Quite honestly, the day Amazon remove one of my reviews from their website on that basis, is the day I'll stop bothering to crosspost them on there.
I think is again another display of good intentions, bad execution on the part of Amazon. I buy and read books from fellow indie authors I "know" through social media all the time. When I do review a book, I never give a dishonest review. The fact I now have to wonder if I will be arbitrarily judged for social networking is disturbing and insulting.
The policy stinks and cannot be fairly enforced. If a person knows the author, that means little until the nature of the relationship is ascertained and Amazon does not do that. It simply blocks the review. As a result, I'm no longer very favorable to Amazon. They are displaying the ugly side of monopolies.
I live in Australia. There's a small population and a small number of writers. I can go to a publisher party or a YA fiction conference and know nearly everyone there. What would I do if I had to rely on Amazon for my reviews? I AM a member of Goodreads, now owned by Amazon, which so far hasn't extended this policy to Goodreads, but you never know when they might. Just as well I have my own blog! Mind you, I met a lot of these people AFTER I had read and loved their books, usually emailing to ask for a guest post or an interview.
That's a good point about disclosure. I've posted reviews for authors I know, and I always mention the relationship up front. I think, though, that many people don't bother to disclose, and that's where some of the concern arises.
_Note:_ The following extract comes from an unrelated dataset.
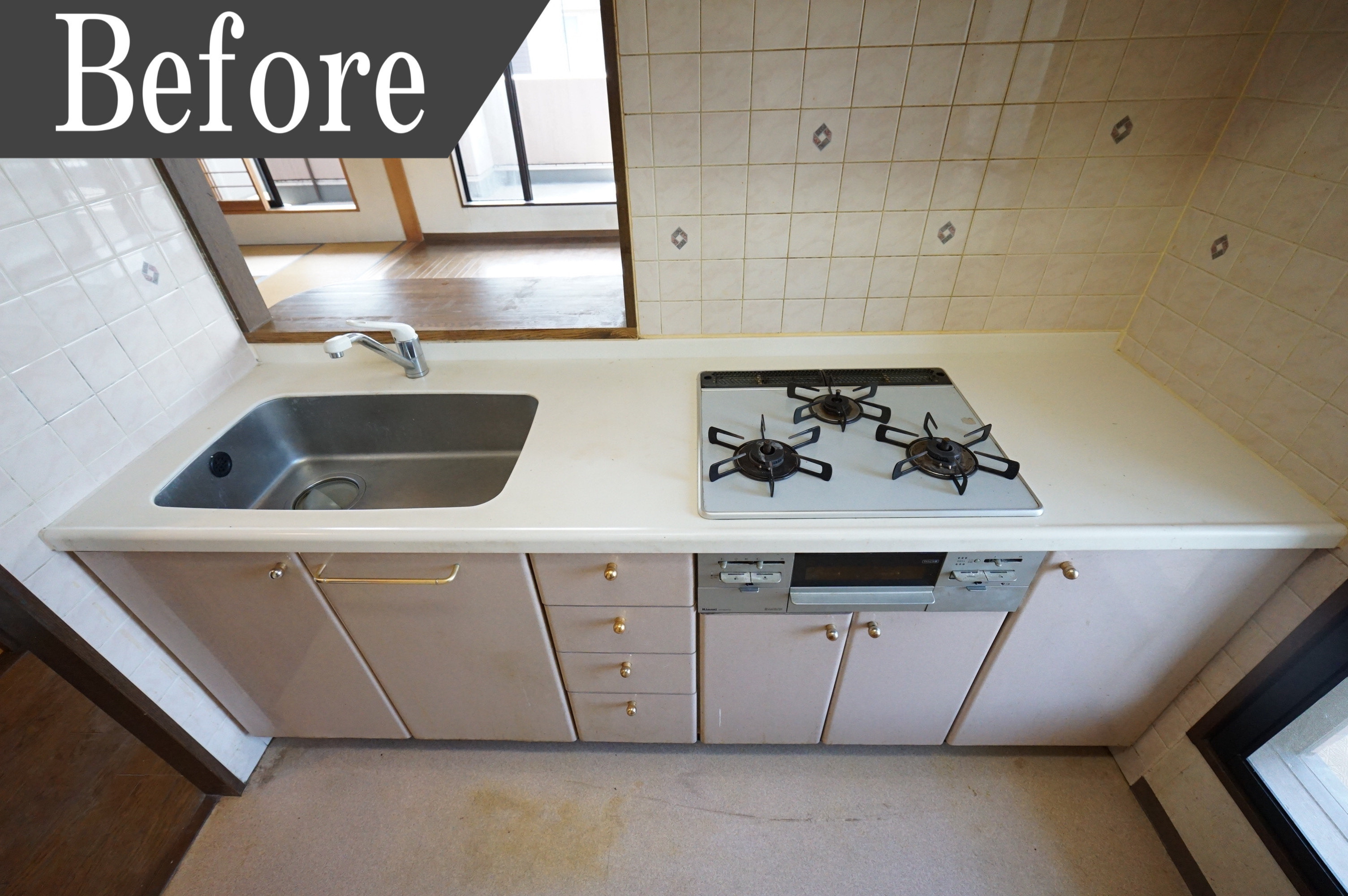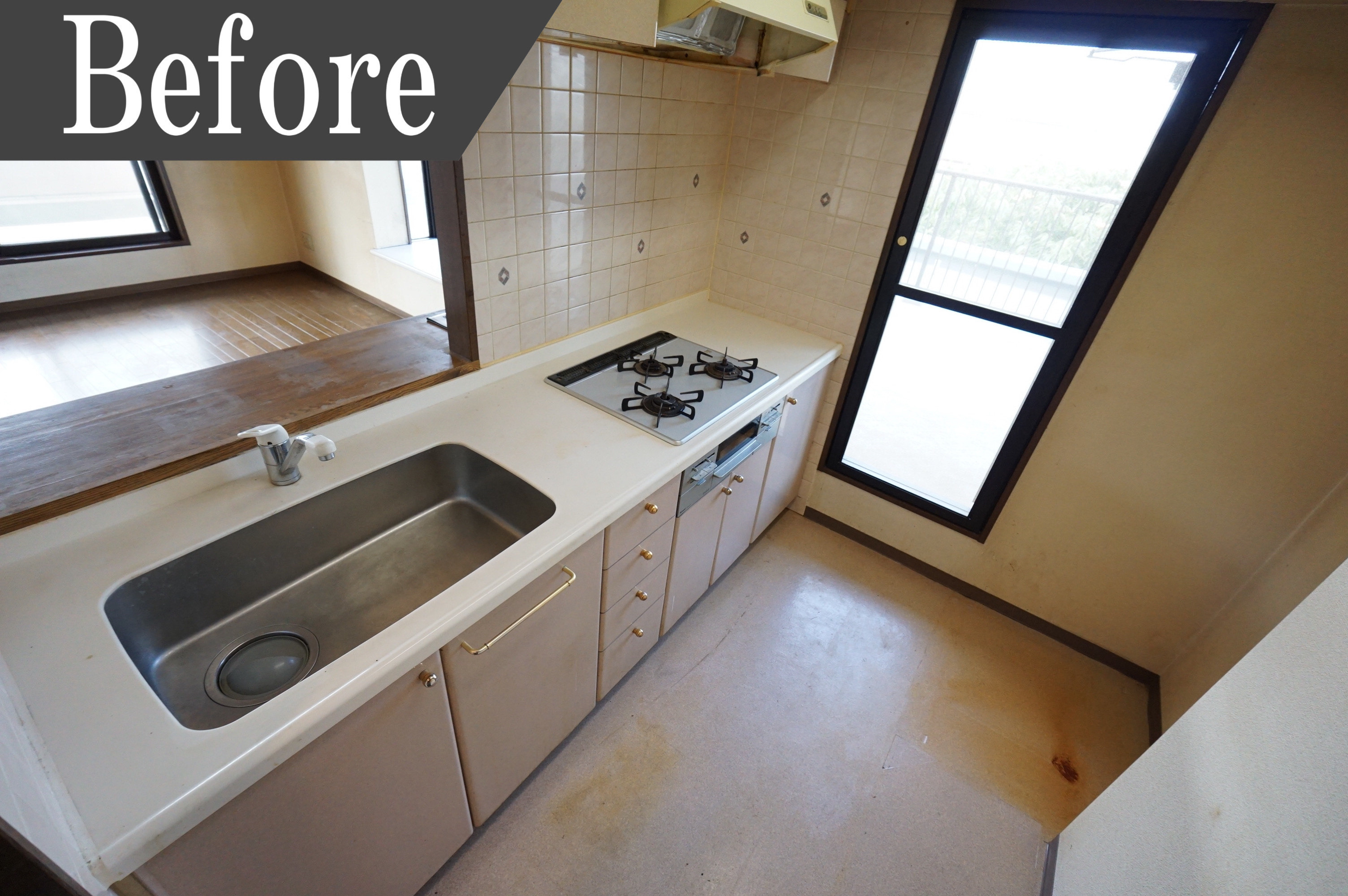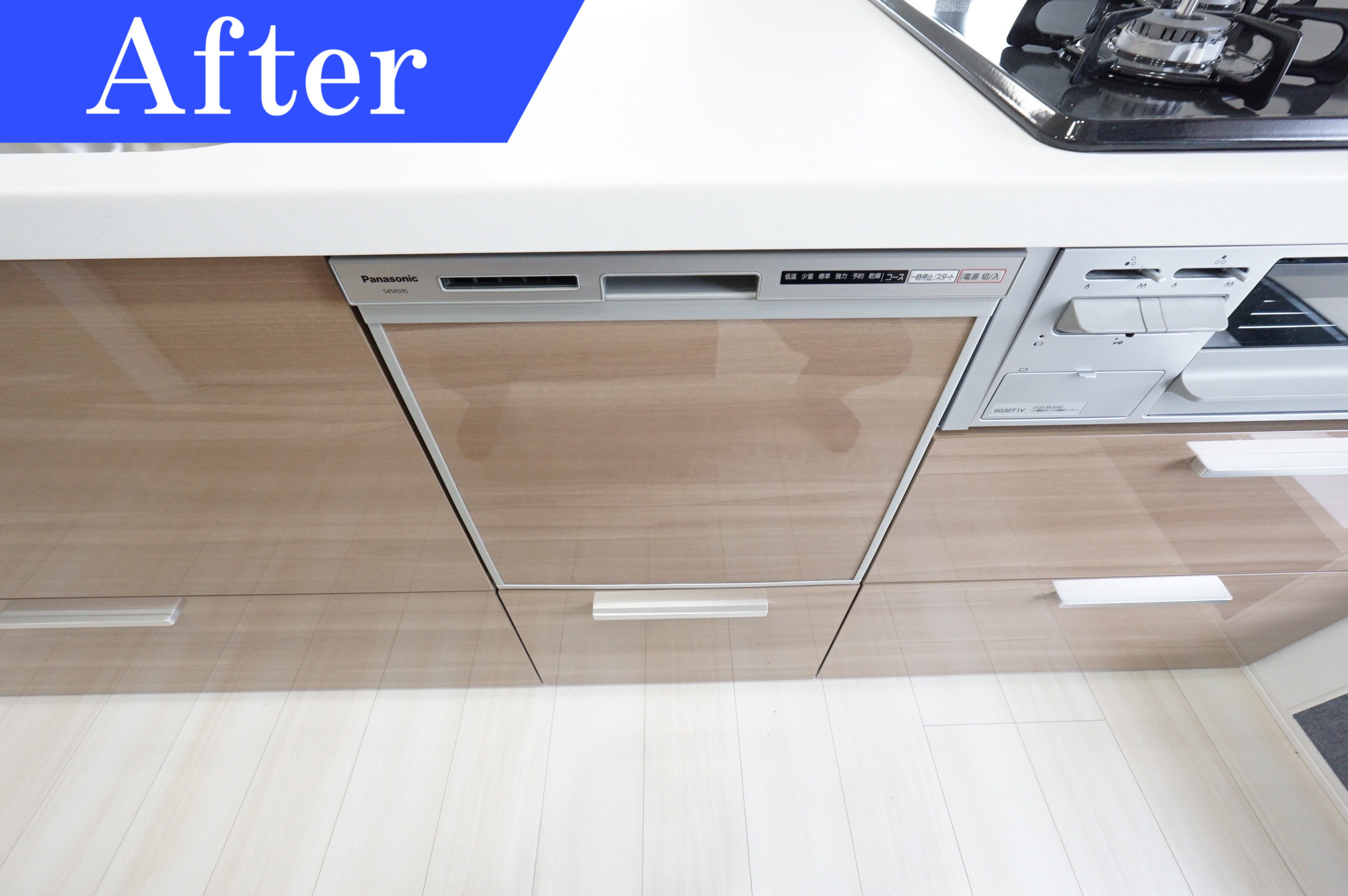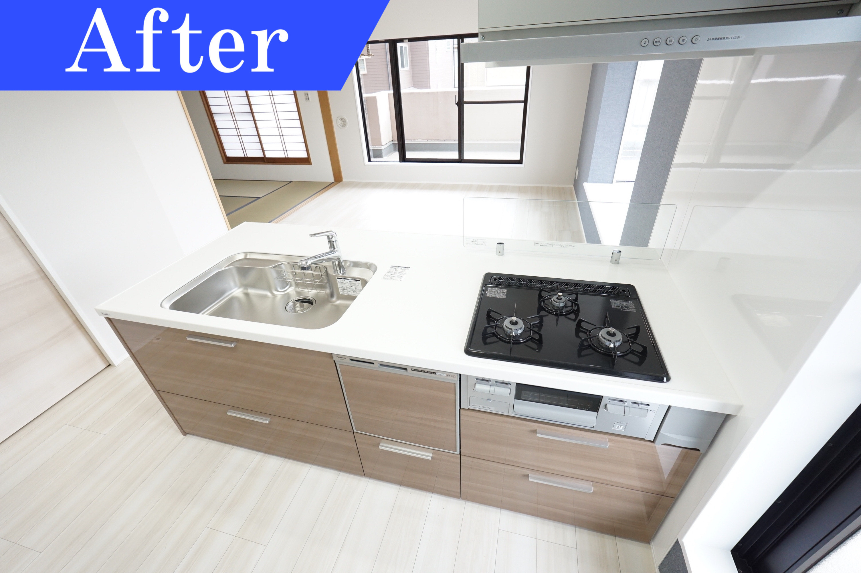 油汚れが目立つキッチンは、キッチンとリビングを繋ぐ壁を取り除いた事でリビングとキッチンに広がりがうまれ開放的な雰囲気になりました。対面式のキッチンでお料理をしながら家族とコミュニケーションが取れるので家族との会話が増えます。お料理の配膳もスムーズです。また最新式のシステムキッチンを採用したことで収納も豊富。食器洗浄乾燥機付きで家事効率UPに繋がります。

I do wish Amazon would be more transparent about the criteria it uses. But secrecy from Amazon shouldn't surprise anyone.
I don't post reviews myself, but I find it ironic that Amazon actively solicits them. Every time I buy a book, I get an email from Amazon asking me to rate it and post a review. Including my own book, which is presumably against Amazon's policy! (It does go to show that for all the Big Brother fears, Amazon's system has flaws.)
I also can't buy into this:
"If Amazon determines that you and the author of the book you’re reviewing do know each other, honestly, it should be keeping you from reviewing their book."
The first problem is: What constitutes "knowing" another author, in this very small business world? Sitting on the same panels? Having the same agent? Reading each other's blogs? We have no idea how close the relationship has to be before Amazon considers it problematic.
I don't think any relationship with the author should preclude a review if the relationship is disclosed in the review. If I see a review posted by the author's father that freely admits it's the author's father, I can choose how much weight to give that review. I'd rather see full-disclosure reviews than have Amazon use secret rules to decide which reviews to yank.